Try it: Look through the listing below for the line with "1-8月份限额以上单位石油及" and the line with "A tribute to". Copy both, along with every line between them, exactly and with no pictures.
BEGIN Task material
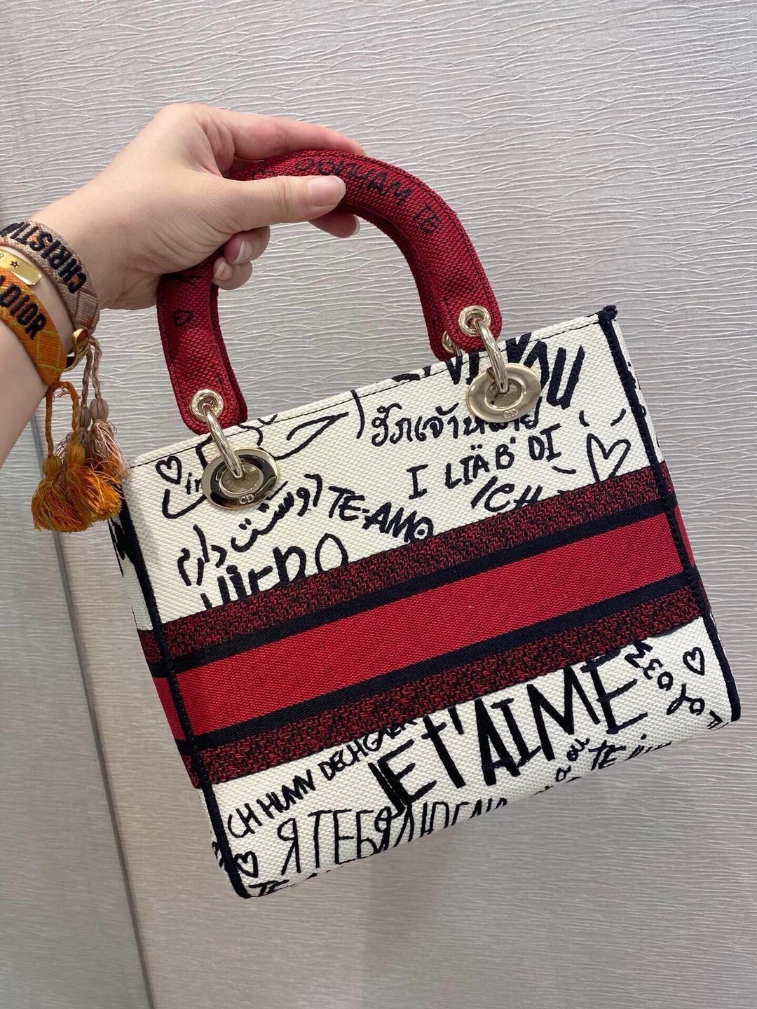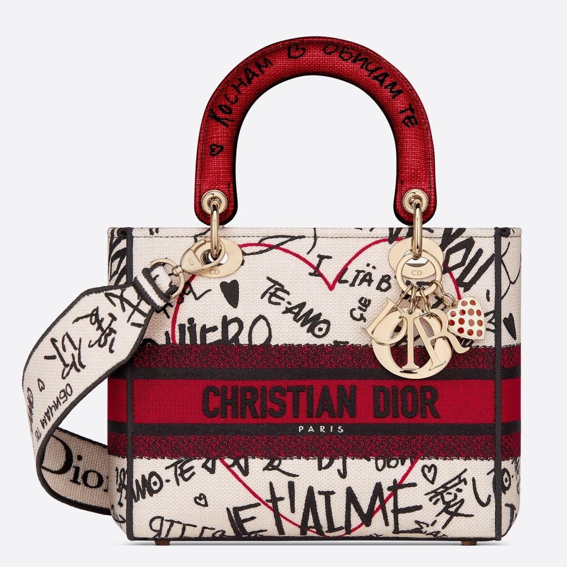 Dior Medium Lady D-Lite Dioramour Graffiti Embroidery Bag
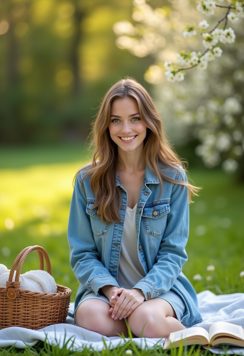 Женщина в джинсовой куртке и лёгком платье сидит на пледе на траве, рядом корзина для пикника и книга. Вокруг — яркая майская зелень и цветущие кусты. Она смотрит в камеру, улыбаясь. Крупный план, создающий ощущение отдыха и лёгкости.
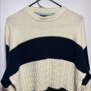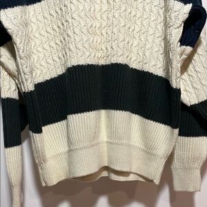 This sweater showcases a timeless horizontal striped pattern in cream and black, featuring a crew neckline and a relaxed fit. Crafted from a medium to heavy weight knit, it's perfect for cooler weather, offering both style and comfort.
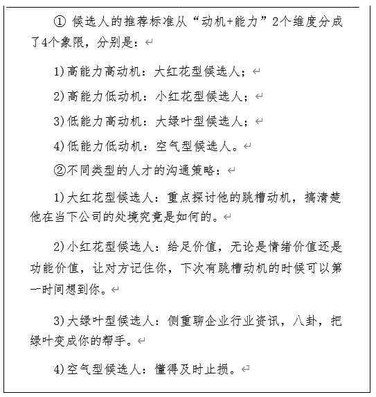 其次,针对不同类型的候选人也总结了一 些推荐策略和沟通策 略,供大家参考
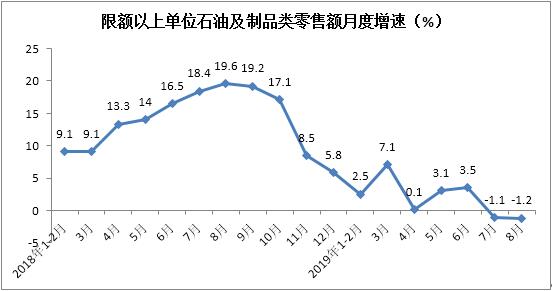 1-8月份限额以上单位石油及制品类零售额实现12948亿元,累计增长2%,增速较1-7月份放缓0.5个百分点。其中,8月份石油及制品零售额同比下降1.2%,降幅较上月扩大0.1个百分点。
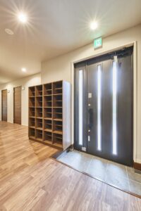 玄関には靴箱を設置、室内は原則スリッパ着用
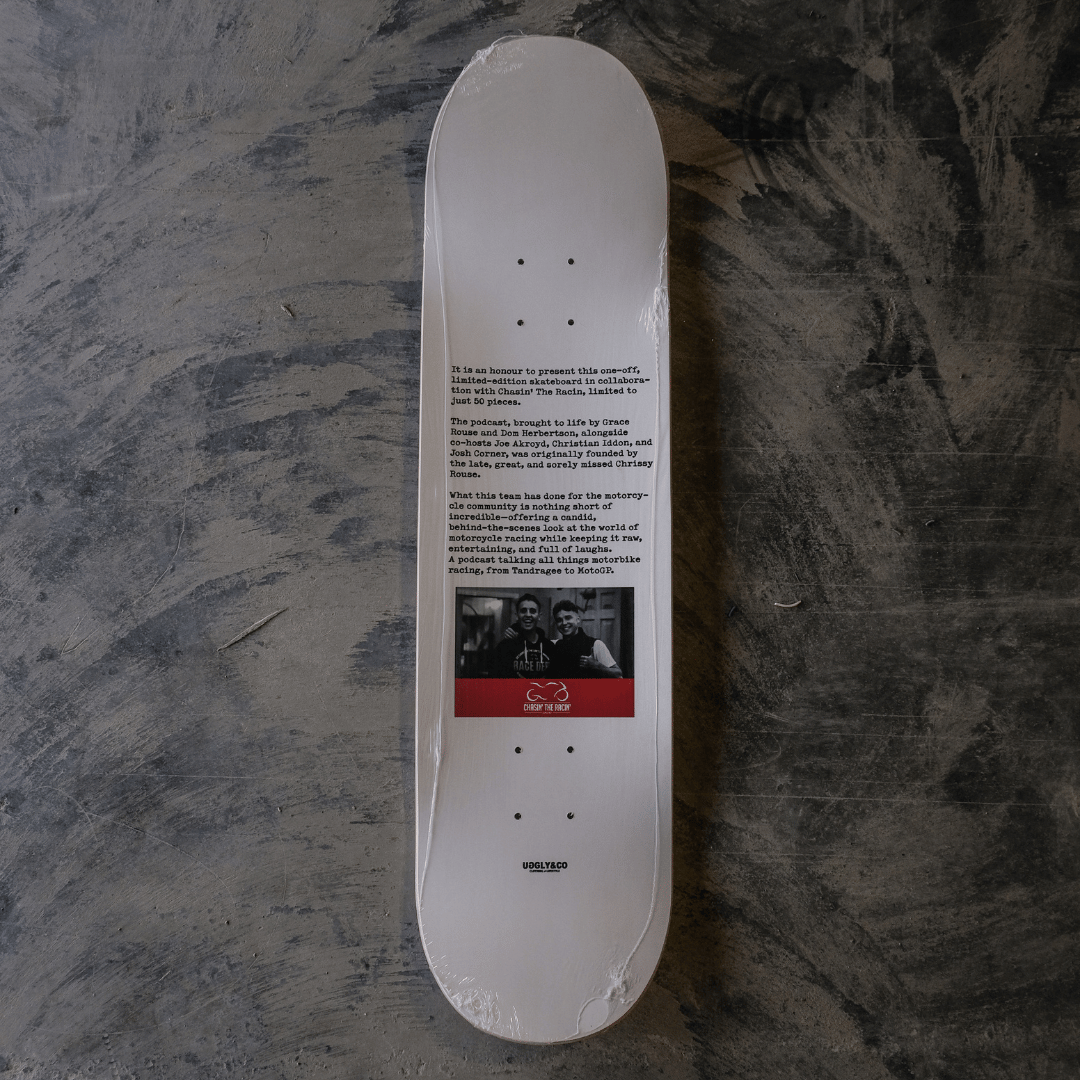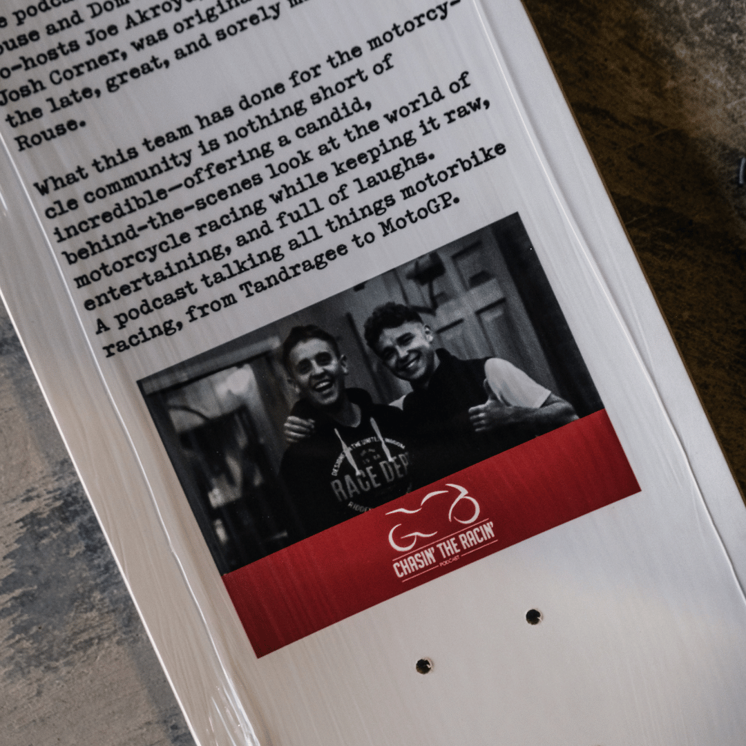 A tribute to one of the most iconic motorcycle podcasts in the world, the Chasin’ The Racin’ Skateboard Deck is more than just a board – it’s a piece of racing history.
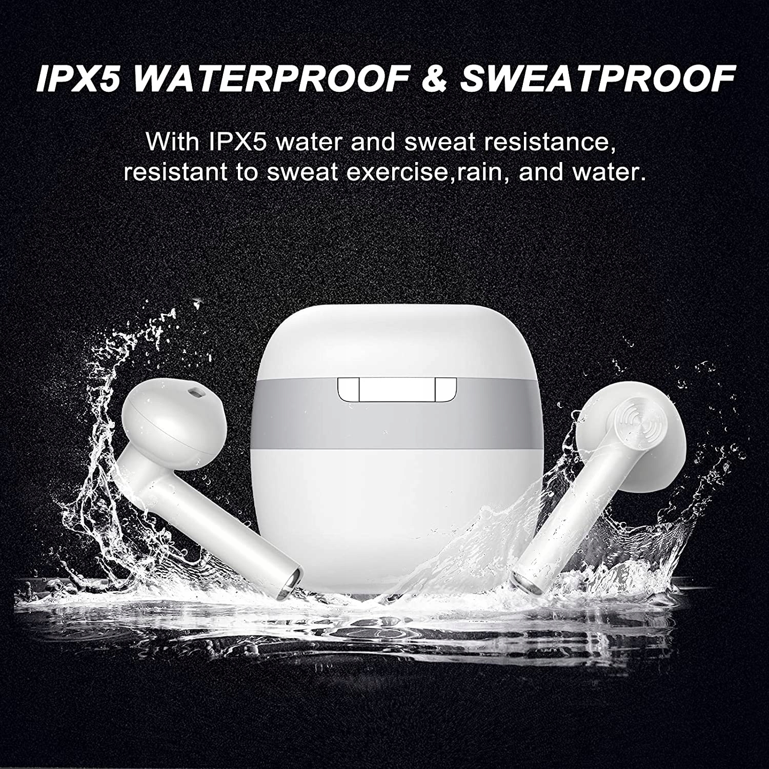 бездротові навушники Bluetooth мають водонепроникну та потужну конструкцію відповідно до стандарту IPX7. Водонепроникна технологія ефективно захищає спортивні навушники від пошкоджень, спричинених потом та дощем, і забезпечує його довговічність. 4
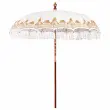 Ta balijski sončnik vnese lepo balijsko estetiko v vaš zunanji prostor. Z veliko senca njegov vrhunski trden leseni drob, bombažna zasnova in bambusova rebra ustvarjajo prijetno vzdušje, pravo za mirne trenutke v vrtu. Ne glede na to, ali je postavljen v dvorišču ali na terasi, naravne barve in nežne obrobe bogatijo prostor s tropsko eleganco, povabijo pa k sprostitvi in udobju med poletjem.
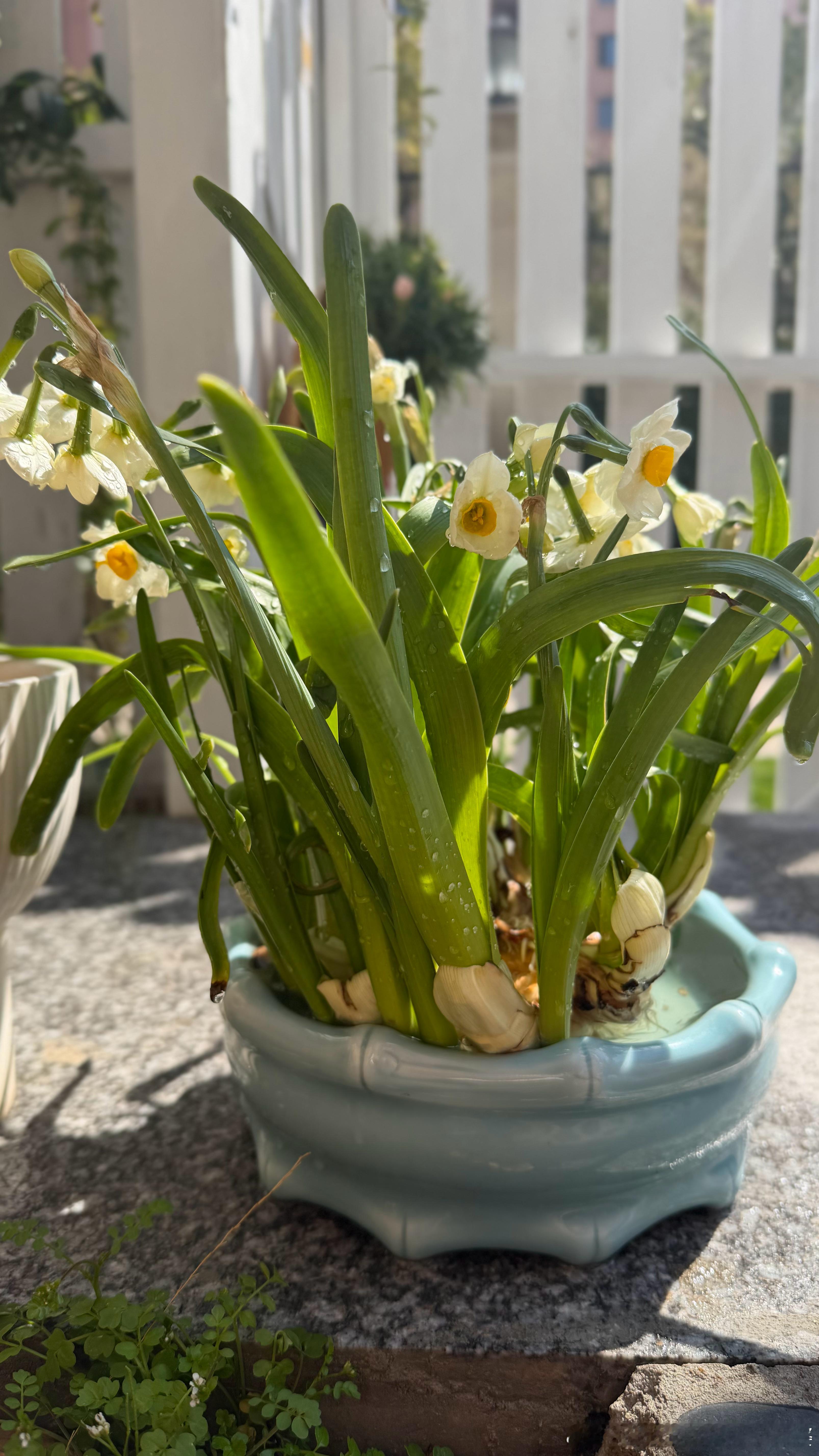 坐在柚子树树荫下,看着水仙在阳光里慢慢开花。春日万里无云。徐徐的暖意被炽热的日头,糖一样融化在凉凉的风里。我和某人的日常
END Task material
Written response:
 1-8月份限额以上单位石油及制品类零售额实现12948亿元,累计增长2%,增速较1-7月份放缓0.5个百分点。其中,8月份石油及制品零售额同比下降1.2%,降幅较上月扩大0.1个百分点。
 玄関には靴箱を設置、室内は原則スリッパ着用
 A tribute to one of the most iconic motorcycle podcasts in the world, the Chasin’ The Racin’ Skateboard Deck is more than just a board – it’s a piece of racing history.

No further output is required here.